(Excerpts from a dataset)
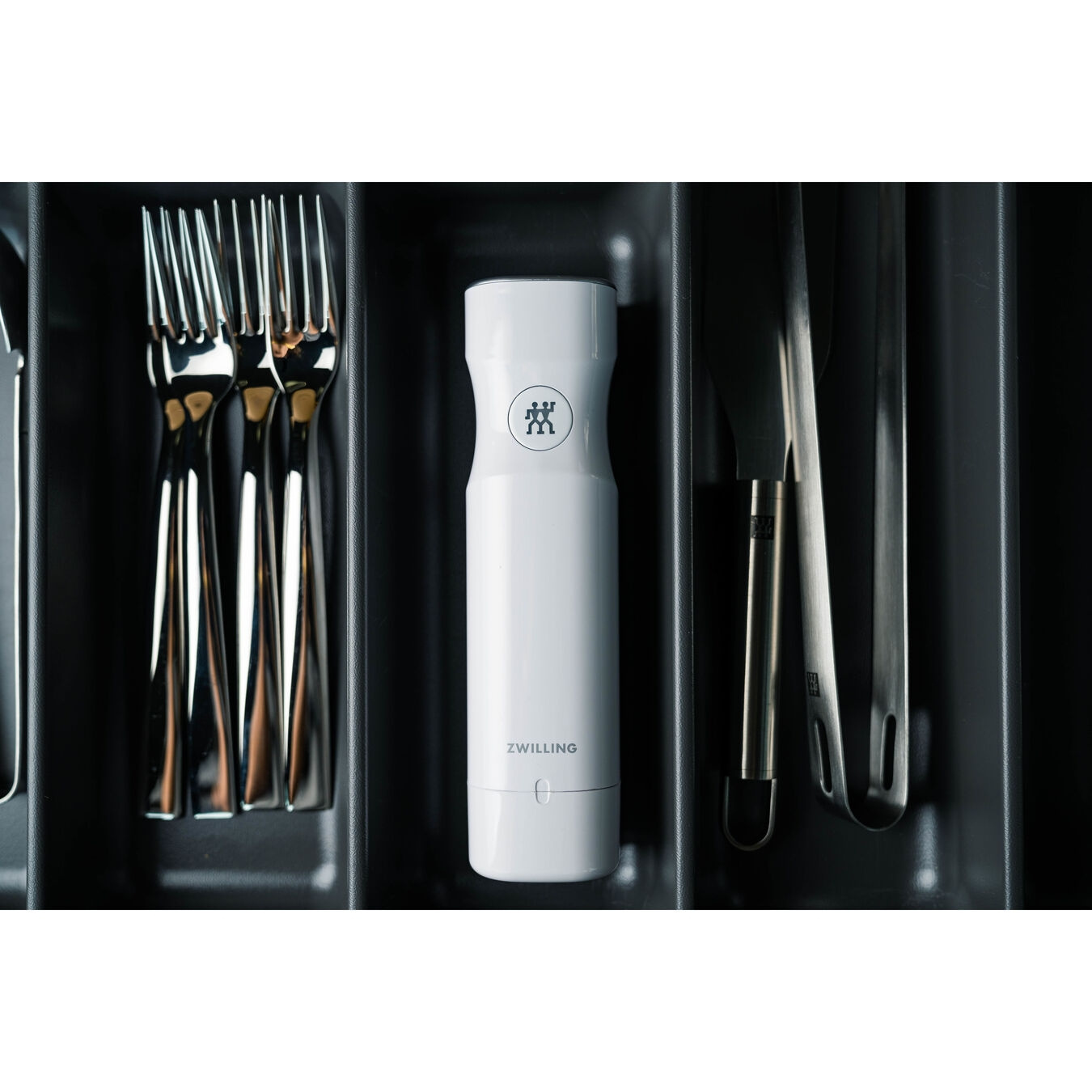 Zwilling's Fresh & Save is a revolutionary way to keep your food fresh up to five times longer. Like the wine bottle vacuum pump you are probably familiar with, air is pumped out of the container using a handheld pump. In this case, an electric one, which makes it very easy and convenient. The pump is used for glass boxes, zip bags, wine corks or blender jug lids in the same Zwilling range, all of which have a valve where you suck the air out of the container after filling. Not only do you reduce your waste by keeping your food fresh for much longer, you also reduce your consumption of plastic bags, vacuum bags and plastic film. Compatible containers and other accessories are purchased separately.
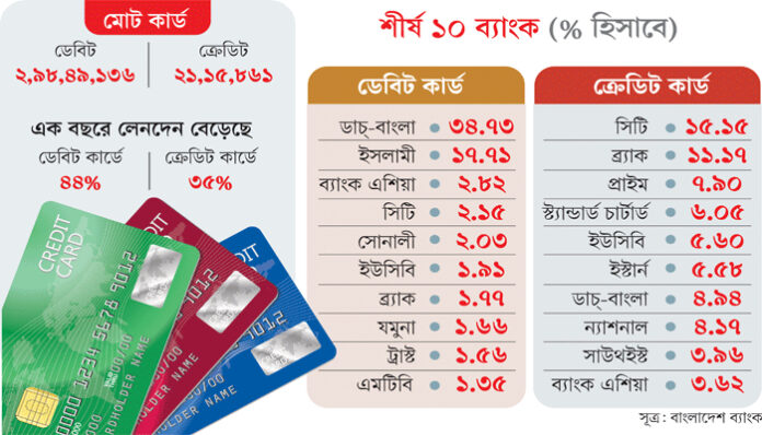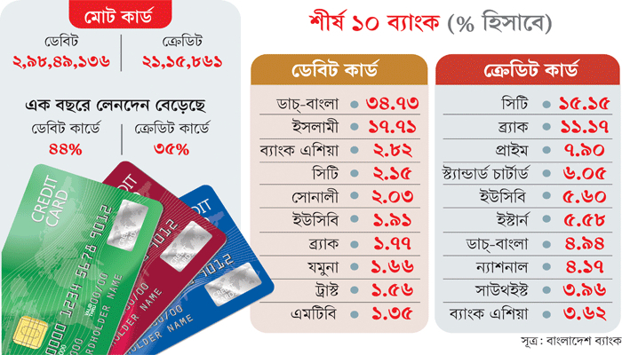 কার্ডভিত্তিক লেনদেনে গ্রাহক আকৃষ্ট করতে বছরজুড়ে নানা প্রচার চালায় অনেক ব্যাংক। ঈদ বা অন্য উৎসবকে কেন্দ্র করে বাড়তি আকর্ষণের জন্য কেনাকাটার বিল পরিশোধে মূল্যছাড় বা ক্যাশব্যাক অফার দেওয়া হয়। তবে শুধু শুধু অফার বা প্রচারের কারণে নয়, ব্যাংকের সেবার ধরন এবং সুবিধা বিবেচনায় নিজের পছন্দের ব্যাংক বেছে নেন গ্রাহক। বাংলাদেশ ব্যাংকের তথ্যে দেখা গেছে, ২০২২ সালে ডেবিট কার্ডের ব্যবসায় শীর্ষে রয়েছে ডাচ্-বাংলা ব্যাংক। আর ক্রেডিট কার্ডে সবার চেয়ে এগিয়ে আছে দ্য সিটি ব্যাংক।
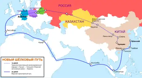 Транспортный маршрут включает трансконтинентальную железную дорогу — Транссибирскую магистраль, которая проходит через Россию и второй Евразийский континентальный мост, проходящий через Казахстан[1]. Поезда по этому самому длинному в мире грузовому железнодорожному маршруту из Китая в Германию будут идти 15 дней, что в 2 раза быстрее, чем по морскому маршруту через Суэцкий канал[2].
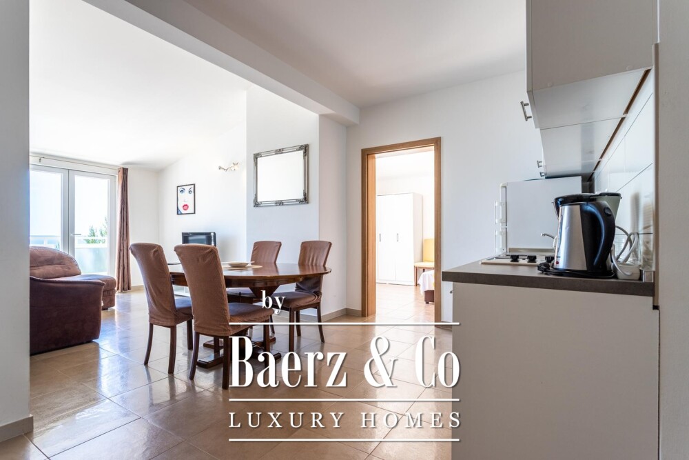 De hoofdstructuur omvat 14 slaapkamers en 14 badkamers, waarbij iedere verdieping zorgvuldig is ingericht voor optimale privacy en comfort. Op de begane grond bevindt zich een luxe vierkamerappartement met twee badkamers en vier terrassen, elk met een open uitzicht op de zee. De eerste en tweede verdieping bestaan elk uit vier appartementen, variërend van studio’s tot tweeslaapkamerwoningen, alle volledig gemeubileerd en voorzien van airconditioning.
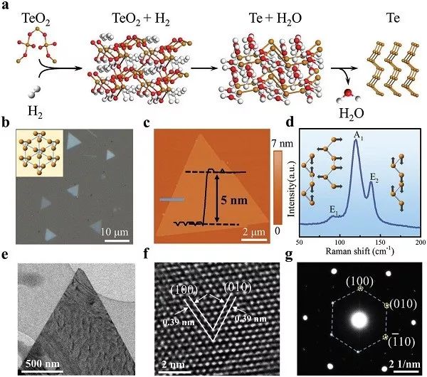 单质元素二维材料,包括石墨烯、锗烯、硅烯、硼烯和磷烯等,由于其独特的光电性质,在光电子学、拓扑超导以及量子自旋霍尔效应等领域引起了人们的广泛关注。然而,目前报道的单质元素二维材料大多集中在IIIA-VA族,而VIA族的元素却鲜有报道,作为其中代表性的元素,Te具有可调谐的带隙、优良的热电性能、快速光电导性能和各向异性的电导率等独特物理化学性质,在场效应晶体管、热电器件以及光电探测器等领域都具有潜在的研究价值和应用前景。然而,大多数报道的二维Te薄膜是通过溶液法或气相传输合成的,不可避免地会引入杂质、有机物和缺陷。因此,开发一种生长高质量的超薄Te薄膜的可靠方法仍然是一个巨大的挑战。
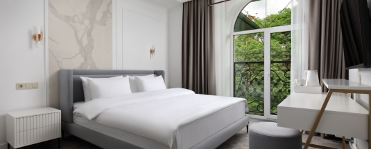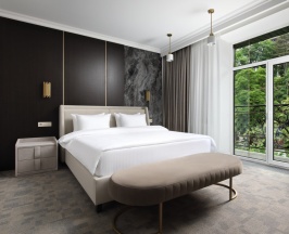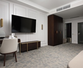 Номера категории Junior Suite – однокомнатные и самые комфортабельные номера в гостинице, размером - 30 м.кв. Дизайнерский ремонт, выполненный из экологически чистых материалов, гармонично сочетающийся с предметами интерьера комнаты.
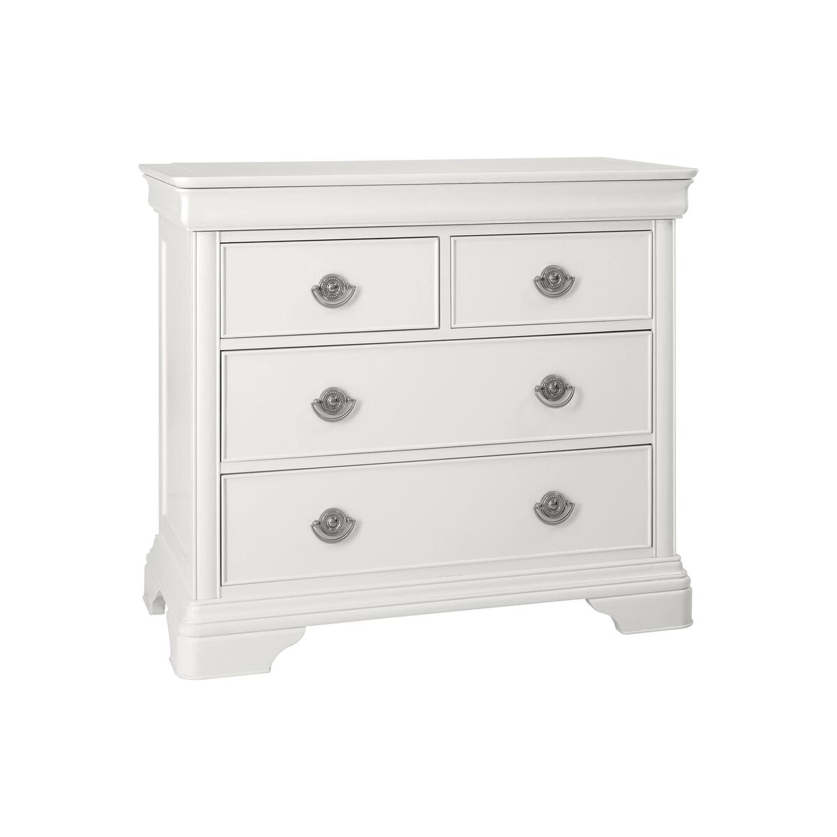 Timeless white painted chest of drawers in the French style, with soft close drawers and a strong white matt lacquer finish. With a corniced top and silver finish drawer handles. Why you’ll love it. Timeless elegance never goes out of fashion. Classic white painted French style. Plenty of storage in two deep lower and two small upper drawers. Smooth, soft-close drawer runners. Corniced top, exquisite shield-shaped silver finish drawer handles. Traditional pedestal feet. Crafted from solid American poplar wood. Finished with an easy-to-clean white matt lacquer. What you need to know. Made from solid American poplar wood and veneer. Finished in a durable white matt lacquer. Part of the Ruby White bedroom range, including chests of drawers, wardrobes and a dressing table. WARNING!. Furniture can tip over unexpectedly and cause injury. This item shall be fixed to a wall using the anti-tip kit provided with the furniture. Be sure to use the correct wall fixings suitable for the walls in your home.
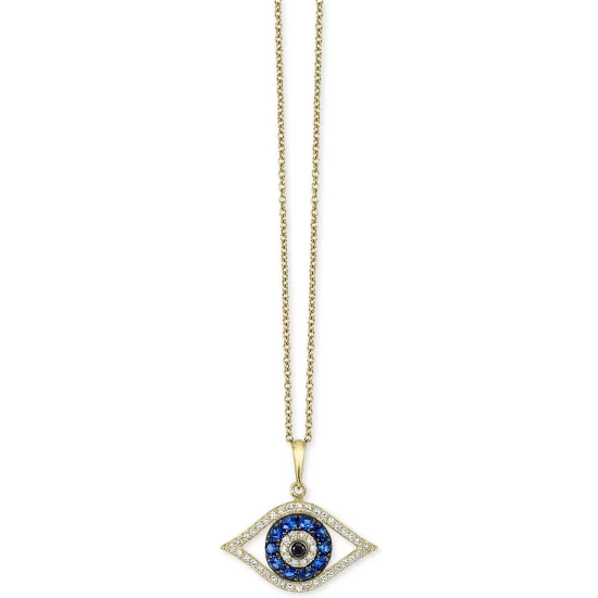 Keep safe the stylish way. EFFY Collection’s good luck pendant features the evil eye with round-cut sapphires (1/4 ct. t.w.), white diamonds (1/8 ct. t.w.) and black diamond accents. Set in 14k white gold or yellow gold. Approximate length; 18 inches. Approximate drop length: 13/20 inch. Approximate drop width: 18/25 inch.

> [What is expected] With the pictures removed, copy the data above word for word.

> [Result of this task]
 Zwilling's Fresh & Save is a revolutionary way to keep your food fresh up to five times longer. Like the wine bottle vacuum pump you are probably familiar with, air is pumped out of the container using a handheld pump. In this case, an electric one, which makes it very easy and convenient. The pump is used for glass boxes, zip bags, wine corks or blender jug lids in the same Zwilling range, all of which have a valve where you suck the air out of the container after filling. Not only do you reduce your waste by keeping your food fresh for much longer, you also reduce your consumption of plastic bags, vacuum bags and plastic film. Compatible containers and other accessories are purchased separately.
 কার্ডভিত্তিক লেনদেনে গ্রাহক আকৃষ্ট করতে বছরজুড়ে নানা প্রচার চালায় অনেক ব্যাংক। ঈদ বা অন্য উৎসবকে কেন্দ্র করে বাড়তি আকর্ষণের জন্য কেনাকাটার বিল পরিশোধে মূল্যছাড় বা ক্যাশব্যাক অফার দেওয়া হয়। তবে শুধু শুধু অফার বা প্রচারের কারণে নয়, ব্যাংকের সেবার ধরন এবং সুবিধা বিবেচনায় নিজের পছন্দের ব্যাংক বেছে নেন গ্রাহক। বাংলাদেশ ব্যাংকের তথ্যে দেখা গেছে, ২০২২ সালে ডেবিট কার্ডের ব্যবসায় শীর্ষে রয়েছে ডাচ্-বাংলা ব্যাংক। আর ক্রেডিট কার্ডে সবার চেয়ে এগিয়ে আছে দ্য সিটি ব্যাংক।
 Транспортный маршрут включает трансконтинентальную железную дорогу — Транссибирскую магистраль, которая проходит через Россию и второй Евразийский континентальный мост, проходящий через Казахстан[1]. Поезда по этому самому длинному в мире грузовому железнодорожному маршруту из Китая в Германию будут идти 15 дней, что в 2 раза быстрее, чем по морскому маршруту через Суэцкий канал[2].
 De hoofdstructuur omvat 14 slaapkamers en 14 badkamers, waarbij iedere verdieping zorgvuldig is ingericht voor optimale privacy en comfort. Op de begane grond bevindt zich een luxe vierkamerappartement met twee badkamers en vier terrassen, elk met een open uitzicht op de zee. De eerste en tweede verdieping bestaan elk uit vier appartementen, variërend van studio’s tot tweeslaapkamerwoningen, alle volledig gemeubileerd en voorzien van airconditioning.
 单质元素二维材料,包括石墨烯、锗烯、硅烯、硼烯和磷烯等,由于其独特的光电性质,在光电子学、拓扑超导以及量子自旋霍尔效应等领域引起了人们的广泛关注。然而,目前报道的单质元素二维材料大多集中在IIIA-VA族,而VIA族的元素却鲜有报道,作为其中代表性的元素,Te具有可调谐的带隙、优良的热电性能、快速光电导性能和各向异性的电导率等独特物理化学性质,在场效应晶体管、热电器件以及光电探测器等领域都具有潜在的研究价值和应用前景。然而,大多数报道的二维Te薄膜是通过溶液法或气相传输合成的,不可避免地会引入杂质、有机物和缺陷。因此,开发一种生长高质量的超薄Te薄膜的可靠方法仍然是一个巨大的挑战。
 Номера категории Junior Suite – однокомнатные и самые комфортабельные номера в гостинице, размером - 30 м.кв. Дизайнерский ремонт, выполненный из экологически чистых материалов, гармонично сочетающийся с предметами интерьера комнаты.
 Timeless white painted chest of drawers in the French style, with soft close drawers and a strong white matt lacquer finish. With a corniced top and silver finish drawer handles. Why you’ll love it. Timeless elegance never goes out of fashion. Classic white painted French style. Plenty of storage in two deep lower and two small upper drawers. Smooth, soft-close drawer runners. Corniced top, exquisite shield-shaped silver finish drawer handles. Traditional pedestal feet. Crafted from solid American poplar wood. Finished with an easy-to-clean white matt lacquer. What you need to know. Made from solid American poplar wood and veneer. Finished in a durable white matt lacquer. Part of the Ruby White bedroom range, including chests of drawers, wardrobes and a dressing table. WARNING!. Furniture can tip over unexpectedly and cause injury. This item shall be fixed to a wall using the anti-tip kit provided with the furniture. Be sure to use the correct wall fixings suitable for the walls in your home.
 Keep safe the stylish way. EFFY Collection’s good luck pendant features the evil eye with round-cut sapphires (1/4 ct. t.w.), white diamonds (1/8 ct. t.w.) and black diamond accents. Set in 14k white gold or yellow gold. Approximate length; 18 inches. Approximate drop length: 13/20 inch. Approximate drop width: 18/25 inch.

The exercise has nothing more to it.